◆ **Activity**: Below are the entries. Print only the lines starting at the one with "MC Hạnh Phúc" and ending at the one with "Sunlit Bloom Yellow Floral Satin Night Suit", exactly, with no pictures.

◆ **Entries supplied**:
◇ ◇ ◇

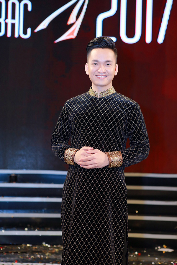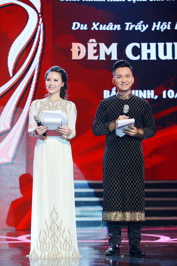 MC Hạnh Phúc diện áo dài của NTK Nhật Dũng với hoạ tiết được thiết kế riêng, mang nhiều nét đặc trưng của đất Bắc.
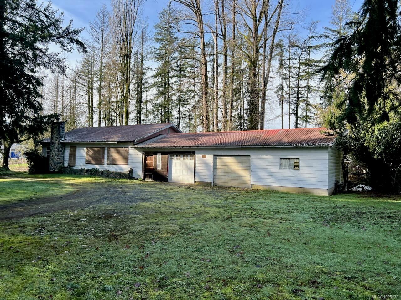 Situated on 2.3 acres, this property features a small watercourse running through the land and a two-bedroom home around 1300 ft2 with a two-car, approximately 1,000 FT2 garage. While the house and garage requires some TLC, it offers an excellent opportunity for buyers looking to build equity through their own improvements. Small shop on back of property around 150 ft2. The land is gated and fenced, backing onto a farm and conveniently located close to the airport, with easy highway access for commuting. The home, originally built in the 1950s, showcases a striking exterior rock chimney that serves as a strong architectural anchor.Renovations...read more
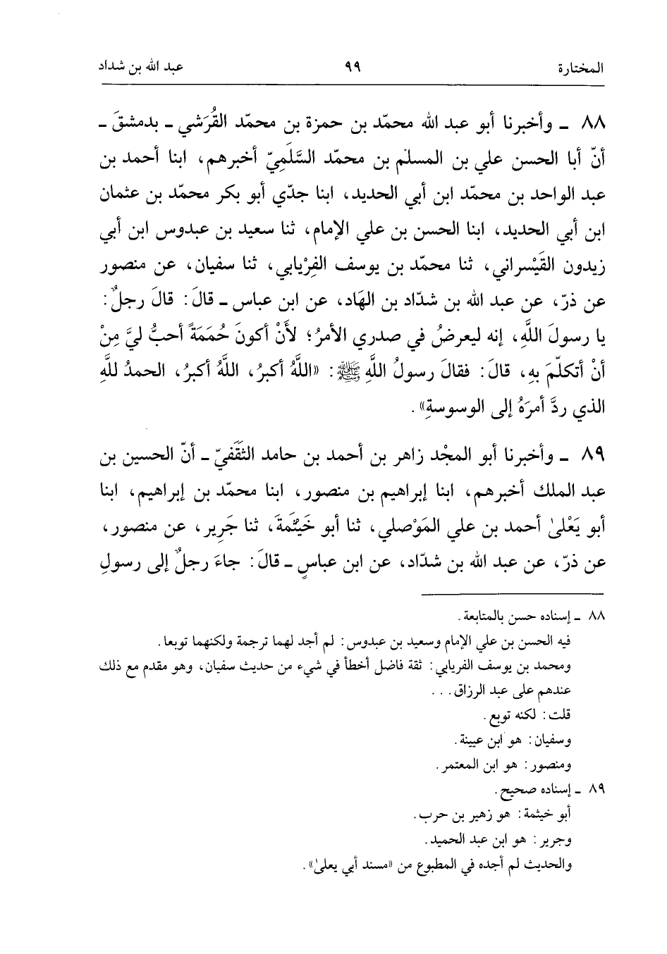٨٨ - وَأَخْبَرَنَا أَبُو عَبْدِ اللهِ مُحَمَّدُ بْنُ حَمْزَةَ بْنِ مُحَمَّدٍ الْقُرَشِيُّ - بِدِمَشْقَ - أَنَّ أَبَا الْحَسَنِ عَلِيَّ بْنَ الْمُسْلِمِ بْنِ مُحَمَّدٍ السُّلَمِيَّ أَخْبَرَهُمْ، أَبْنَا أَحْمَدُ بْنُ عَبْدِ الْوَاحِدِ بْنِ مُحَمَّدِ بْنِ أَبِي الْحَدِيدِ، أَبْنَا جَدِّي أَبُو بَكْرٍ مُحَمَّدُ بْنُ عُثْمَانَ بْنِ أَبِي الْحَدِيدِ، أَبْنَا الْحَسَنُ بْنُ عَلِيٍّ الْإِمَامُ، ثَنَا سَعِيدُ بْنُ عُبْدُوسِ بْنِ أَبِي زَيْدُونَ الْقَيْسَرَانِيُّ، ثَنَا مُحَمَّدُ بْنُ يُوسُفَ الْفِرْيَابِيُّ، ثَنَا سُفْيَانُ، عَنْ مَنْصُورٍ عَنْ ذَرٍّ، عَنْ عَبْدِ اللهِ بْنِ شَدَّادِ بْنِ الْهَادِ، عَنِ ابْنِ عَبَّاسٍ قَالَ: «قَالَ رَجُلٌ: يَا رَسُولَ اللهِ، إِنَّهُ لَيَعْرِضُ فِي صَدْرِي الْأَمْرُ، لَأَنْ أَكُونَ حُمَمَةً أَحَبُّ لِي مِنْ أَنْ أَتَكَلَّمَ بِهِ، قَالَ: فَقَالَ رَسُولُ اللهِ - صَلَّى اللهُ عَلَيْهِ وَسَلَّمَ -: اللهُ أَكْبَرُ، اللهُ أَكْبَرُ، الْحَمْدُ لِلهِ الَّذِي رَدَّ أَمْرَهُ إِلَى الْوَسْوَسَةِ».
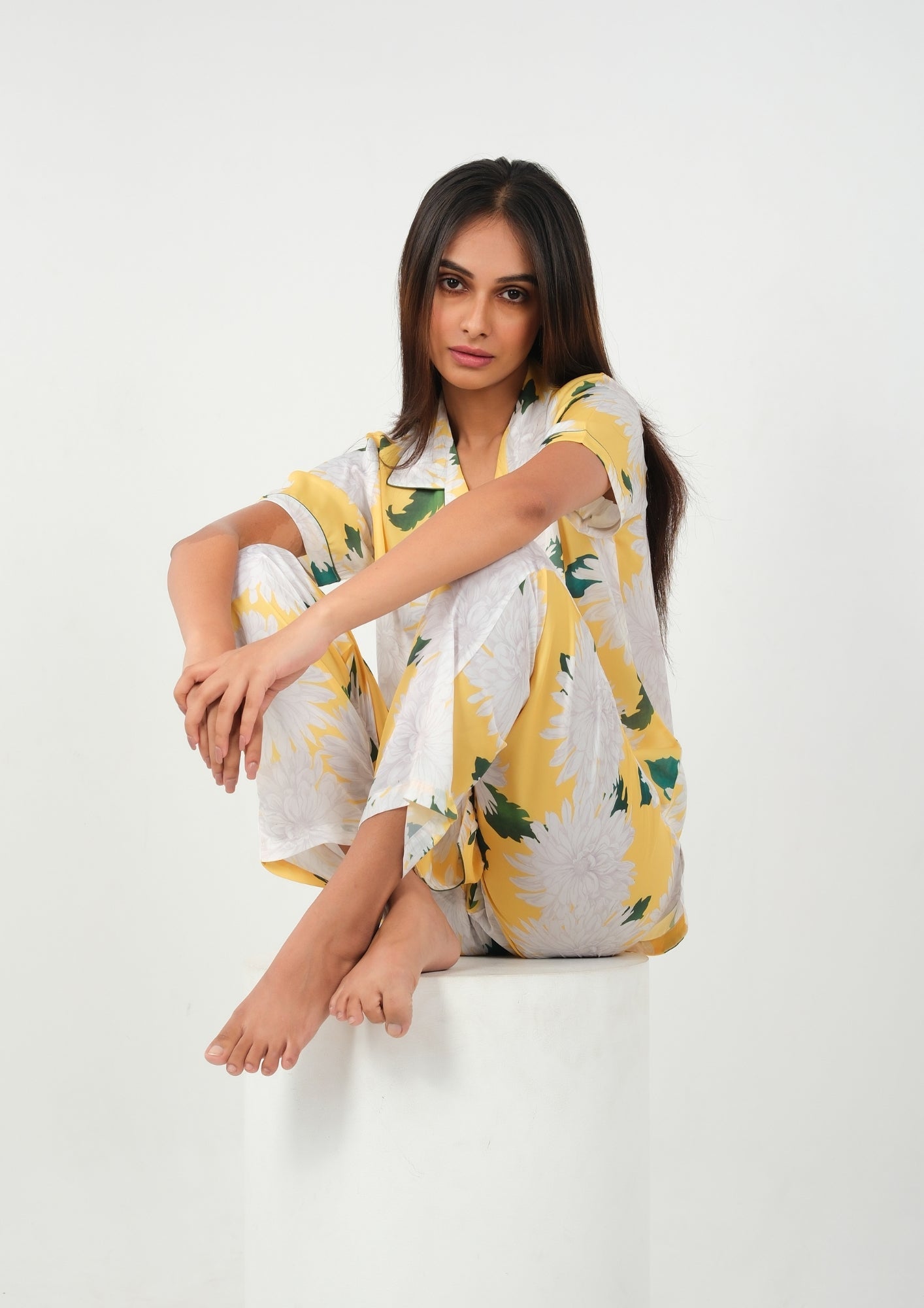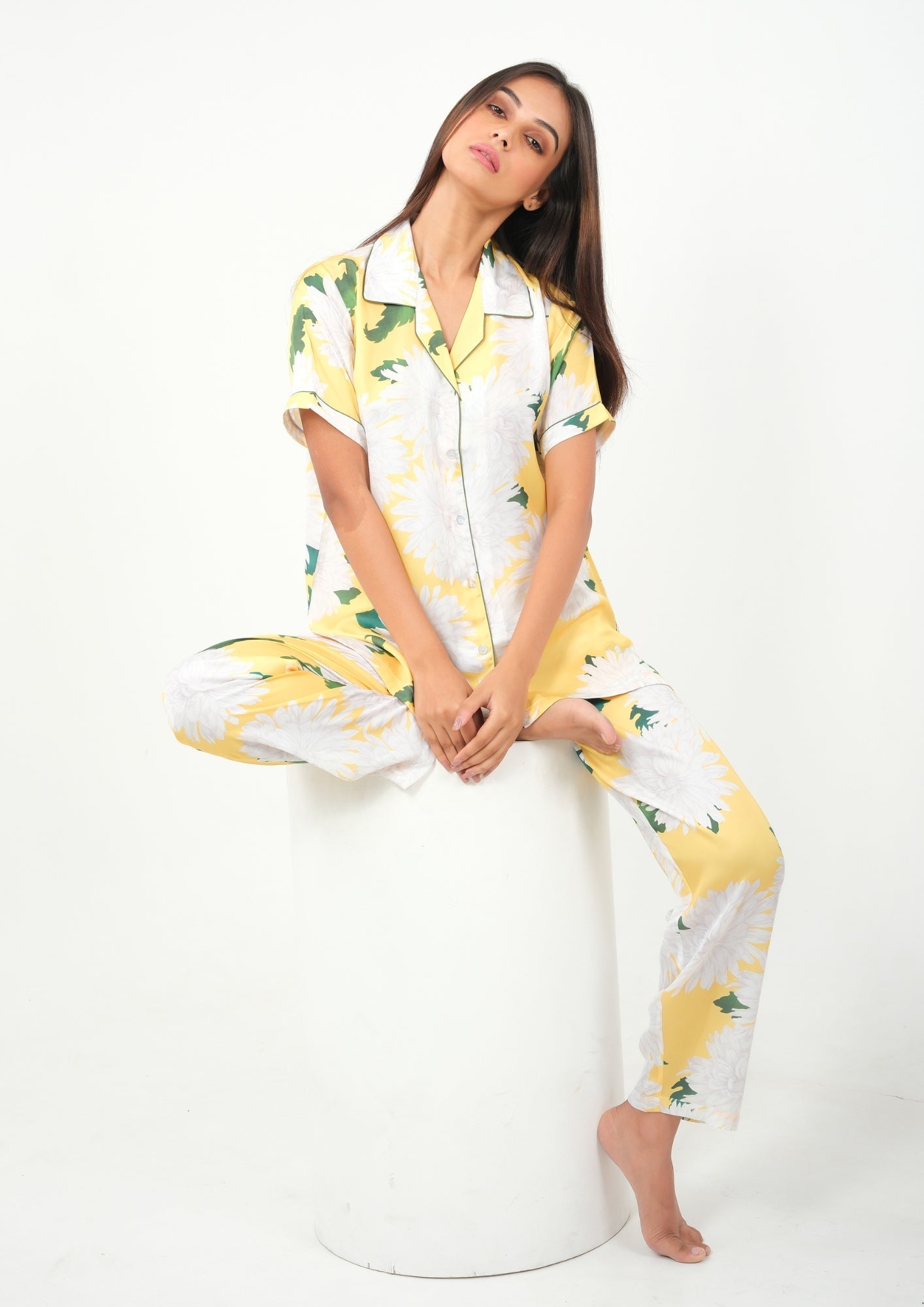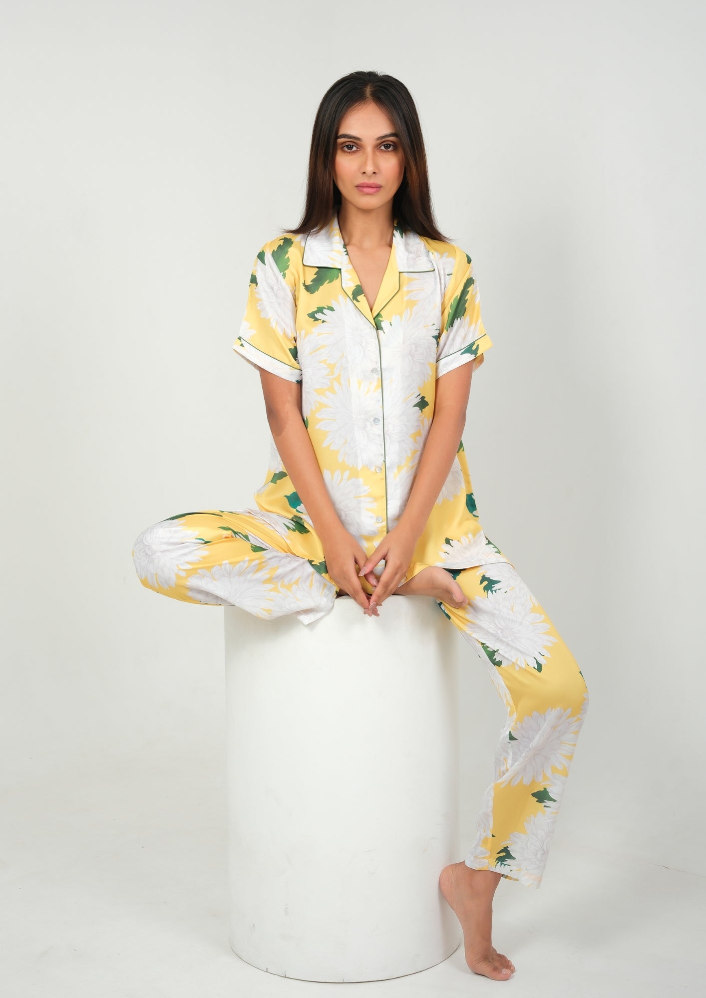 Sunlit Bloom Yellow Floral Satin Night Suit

◇ ◇ ◇

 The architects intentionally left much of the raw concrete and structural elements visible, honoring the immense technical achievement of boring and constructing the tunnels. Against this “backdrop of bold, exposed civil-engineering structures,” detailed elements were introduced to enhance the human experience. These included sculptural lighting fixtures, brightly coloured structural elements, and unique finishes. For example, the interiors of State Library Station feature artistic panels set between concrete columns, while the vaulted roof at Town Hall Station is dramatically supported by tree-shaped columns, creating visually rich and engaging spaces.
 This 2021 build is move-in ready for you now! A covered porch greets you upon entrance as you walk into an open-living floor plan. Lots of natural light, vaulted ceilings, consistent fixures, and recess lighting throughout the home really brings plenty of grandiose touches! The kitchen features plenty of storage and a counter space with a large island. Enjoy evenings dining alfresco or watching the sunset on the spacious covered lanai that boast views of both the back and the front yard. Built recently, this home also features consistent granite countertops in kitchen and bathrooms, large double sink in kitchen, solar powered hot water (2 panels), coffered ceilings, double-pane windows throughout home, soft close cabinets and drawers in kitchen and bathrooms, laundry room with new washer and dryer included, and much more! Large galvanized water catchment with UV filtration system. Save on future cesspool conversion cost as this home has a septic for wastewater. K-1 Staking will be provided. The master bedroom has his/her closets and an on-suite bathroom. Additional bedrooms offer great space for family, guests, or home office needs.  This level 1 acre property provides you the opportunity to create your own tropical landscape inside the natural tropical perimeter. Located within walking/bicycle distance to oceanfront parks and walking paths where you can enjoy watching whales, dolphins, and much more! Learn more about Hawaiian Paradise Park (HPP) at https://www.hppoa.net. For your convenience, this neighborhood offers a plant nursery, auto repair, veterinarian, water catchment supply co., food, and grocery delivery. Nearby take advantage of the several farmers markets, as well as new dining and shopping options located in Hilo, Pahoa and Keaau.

◇ ◇ ◇

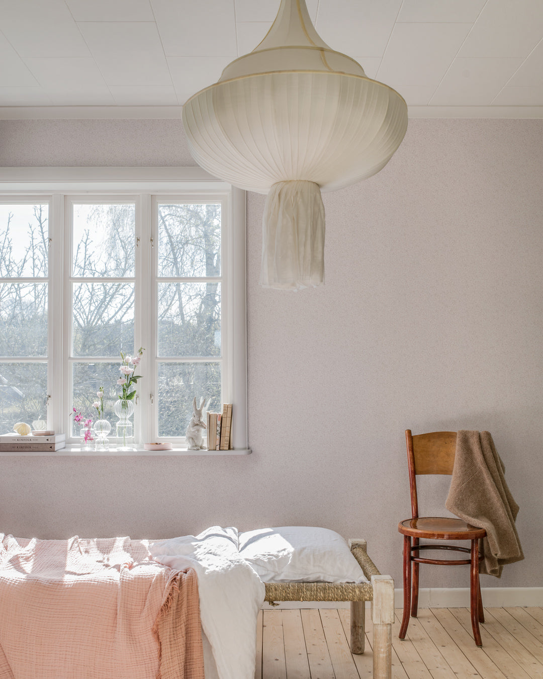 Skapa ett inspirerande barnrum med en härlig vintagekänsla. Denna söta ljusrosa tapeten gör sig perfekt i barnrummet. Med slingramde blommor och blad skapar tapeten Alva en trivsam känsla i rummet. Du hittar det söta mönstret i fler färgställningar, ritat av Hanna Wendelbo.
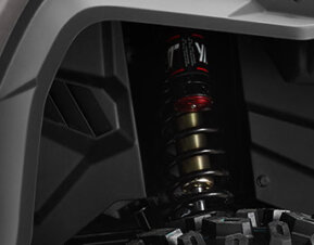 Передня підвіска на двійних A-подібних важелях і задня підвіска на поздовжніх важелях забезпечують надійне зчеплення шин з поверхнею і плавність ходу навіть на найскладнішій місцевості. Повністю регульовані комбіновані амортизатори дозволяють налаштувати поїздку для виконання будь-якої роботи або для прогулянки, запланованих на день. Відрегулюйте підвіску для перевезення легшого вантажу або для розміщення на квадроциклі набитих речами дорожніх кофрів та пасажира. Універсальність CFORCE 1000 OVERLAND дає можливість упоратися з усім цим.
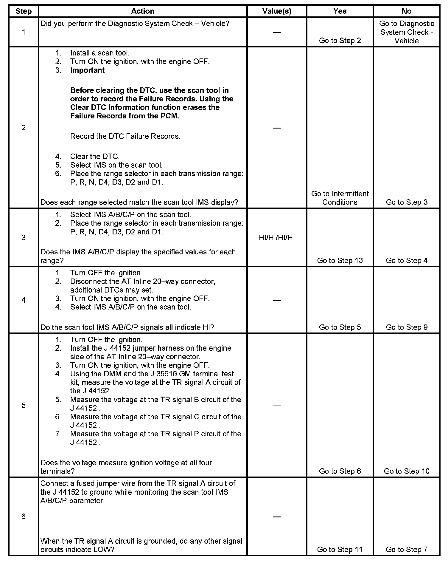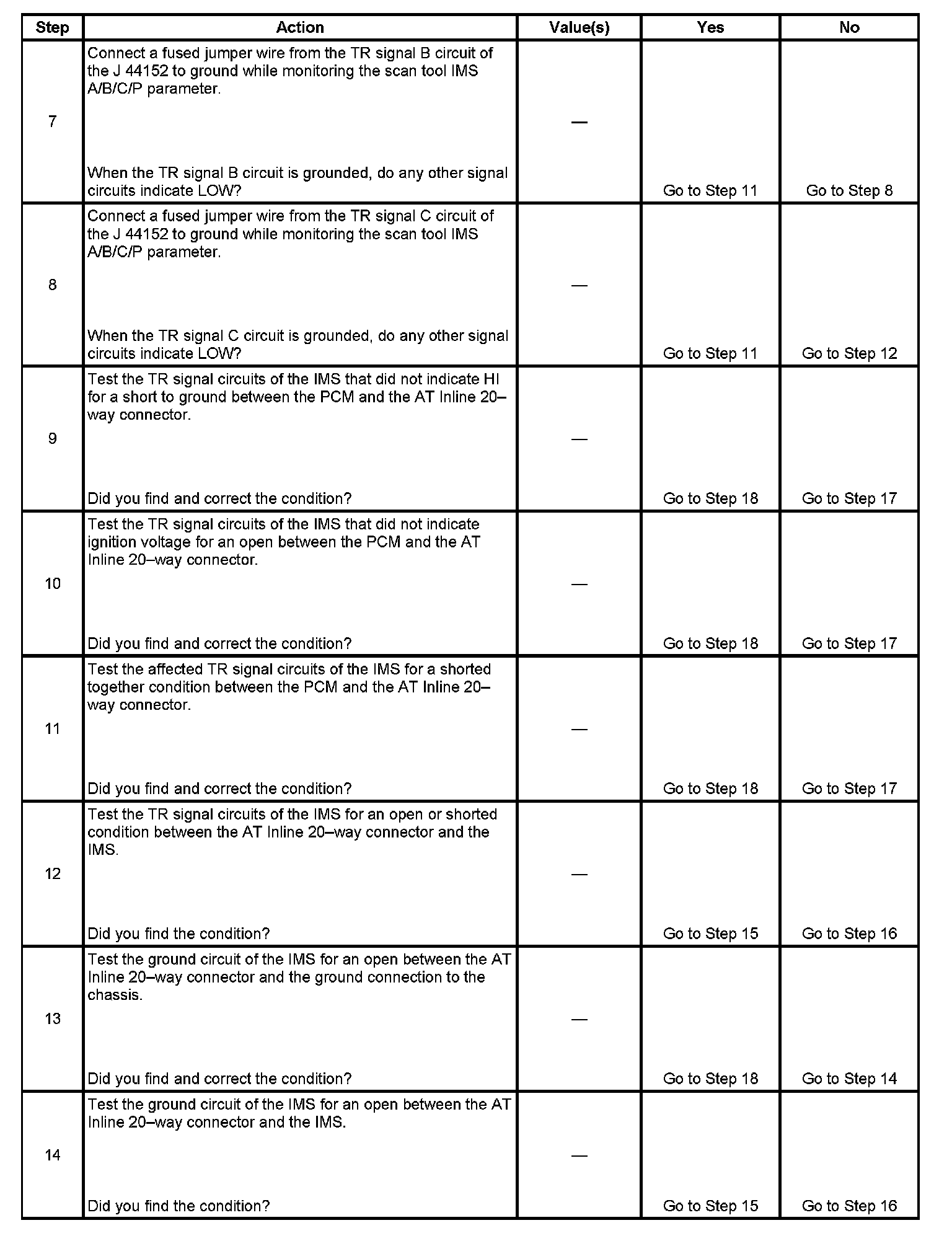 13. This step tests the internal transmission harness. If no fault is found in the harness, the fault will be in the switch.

◇ ◇ ◇

◆ **Answer space**:
 MC Hạnh Phúc diện áo dài của NTK Nhật Dũng với hoạ tiết được thiết kế riêng, mang nhiều nét đặc trưng của đất Bắc.
 Situated on 2.3 acres, this property features a small watercourse running through the land and a two-bedroom home around 1300 ft2 with a two-car, approximately 1,000 FT2 garage. While the house and garage requires some TLC, it offers an excellent opportunity for buyers looking to build equity through their own improvements. Small shop on back of property around 150 ft2. The land is gated and fenced, backing onto a farm and conveniently located close to the airport, with easy highway access for commuting. The home, originally built in the 1950s, showcases a striking exterior rock chimney that serves as a strong architectural anchor.Renovations...read more
٨٨ - وَأَخْبَرَنَا أَبُو عَبْدِ اللهِ مُحَمَّدُ بْنُ حَمْزَةَ بْنِ مُحَمَّدٍ الْقُرَشِيُّ - بِدِمَشْقَ - أَنَّ أَبَا الْحَسَنِ عَلِيَّ بْنَ الْمُسْلِمِ بْنِ مُحَمَّدٍ السُّلَمِيَّ أَخْبَرَهُمْ، أَبْنَا أَحْمَدُ بْنُ عَبْدِ الْوَاحِدِ بْنِ مُحَمَّدِ بْنِ أَبِي الْحَدِيدِ، أَبْنَا جَدِّي أَبُو بَكْرٍ مُحَمَّدُ بْنُ عُثْمَانَ بْنِ أَبِي الْحَدِيدِ، أَبْنَا الْحَسَنُ بْنُ عَلِيٍّ الْإِمَامُ، ثَنَا سَعِيدُ بْنُ عُبْدُوسِ بْنِ أَبِي زَيْدُونَ الْقَيْسَرَانِيُّ، ثَنَا مُحَمَّدُ بْنُ يُوسُفَ الْفِرْيَابِيُّ، ثَنَا سُفْيَانُ، عَنْ مَنْصُورٍ عَنْ ذَرٍّ، عَنْ عَبْدِ اللهِ بْنِ شَدَّادِ بْنِ الْهَادِ، عَنِ ابْنِ عَبَّاسٍ قَالَ: «قَالَ رَجُلٌ: يَا رَسُولَ اللهِ، إِنَّهُ لَيَعْرِضُ فِي صَدْرِي الْأَمْرُ، لَأَنْ أَكُونَ حُمَمَةً أَحَبُّ لِي مِنْ أَنْ أَتَكَلَّمَ بِهِ، قَالَ: فَقَالَ رَسُولُ اللهِ - صَلَّى اللهُ عَلَيْهِ وَسَلَّمَ -: اللهُ أَكْبَرُ، اللهُ أَكْبَرُ، الْحَمْدُ لِلهِ الَّذِي رَدَّ أَمْرَهُ إِلَى الْوَسْوَسَةِ».
 Sunlit Bloom Yellow Floral Satin Night Suit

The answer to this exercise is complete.